NEW YORK — The General Accounting Office criticized the National Assn. of Securities Dealers on Thursday for lax enforcement of a new law designed to prevent penny stock abuses.

GAO investigators, in a study commissioned by Congress, found that the NASD files away large numbers of customer complaints without investigation, often fails to refer suspected criminal activity to law enforcement agencies and doesn't adequately monitor the branch offices of penny stock firms.

From 1988 to 1991, the report says, the NASD brought more than 200 disciplinary cases against brokers who sell penny stocks, which are low-priced shares in small firms.

But the investigators said that when the industry group finds wrongdoing by stockbrokers--who have often been accused of misleading investors and manipulating prices in penny stocks--it most often responds with "informal" disciplinary measures that are never disclosed to the public.

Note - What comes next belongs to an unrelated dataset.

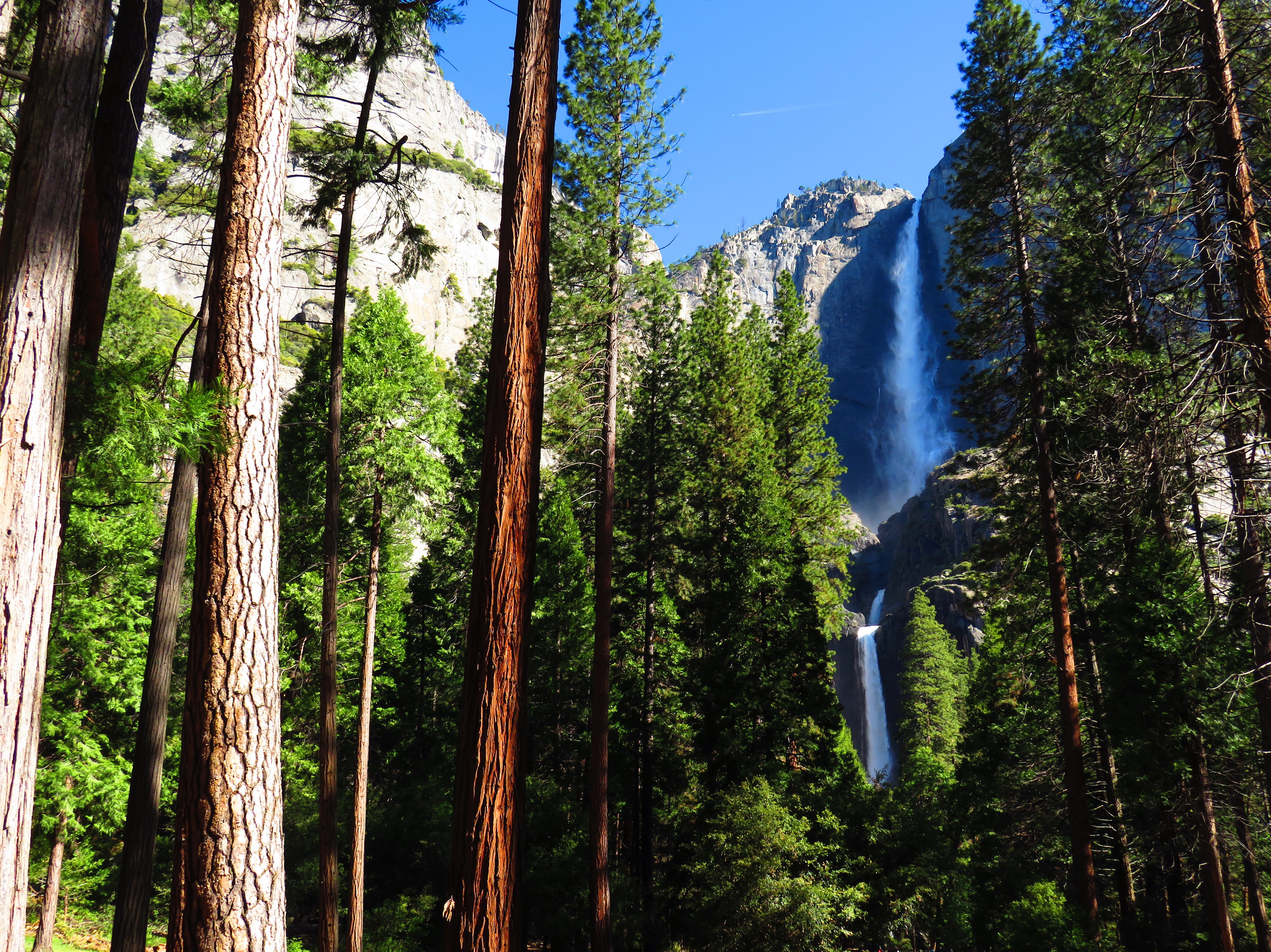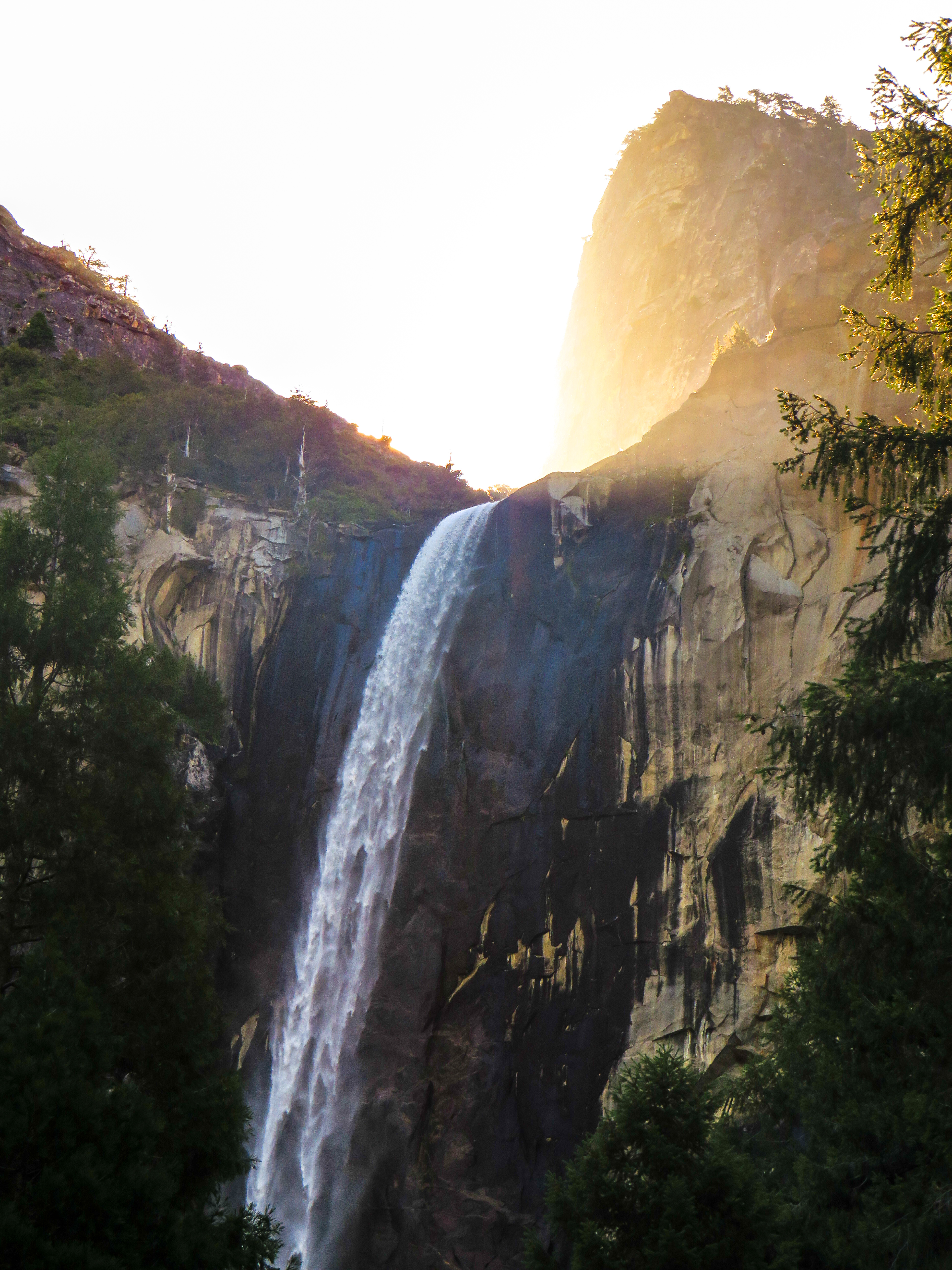 Morning light streaming from above Bridalveil Fall. Yosemite NP. California, USA

The study was requested last summer by the House subcommittee on telecommunications and finance, partly in response to a series of articles in The Times. The series found that the NASD was secretive about brokers with bad records and that the NASD and New York Stock Exchange were slow to act against those who habitually cheated customers.

Rep. Edward J. Markey (D-Mass.), chairman of the subcommittee, sent a letter Thursday demanding that the NASD respond to the deficiencies outlined in the report.

John Pinto, the association's executive vice president for regulation, said he received both the GAO report and Markey's letter late Thursday and hadn't had a chance to examine them in detail.

But he took strong exception to some of the findings. According to Pinto:

* The NASD lately has stepped up its investigation of penny stock firms' branch offices.

* The group in recent years has taken only formal disciplinary action against penny stock firms, all of which is disclosed to the public.

* NASD's policy is to cooperate with state and federal prosecutors.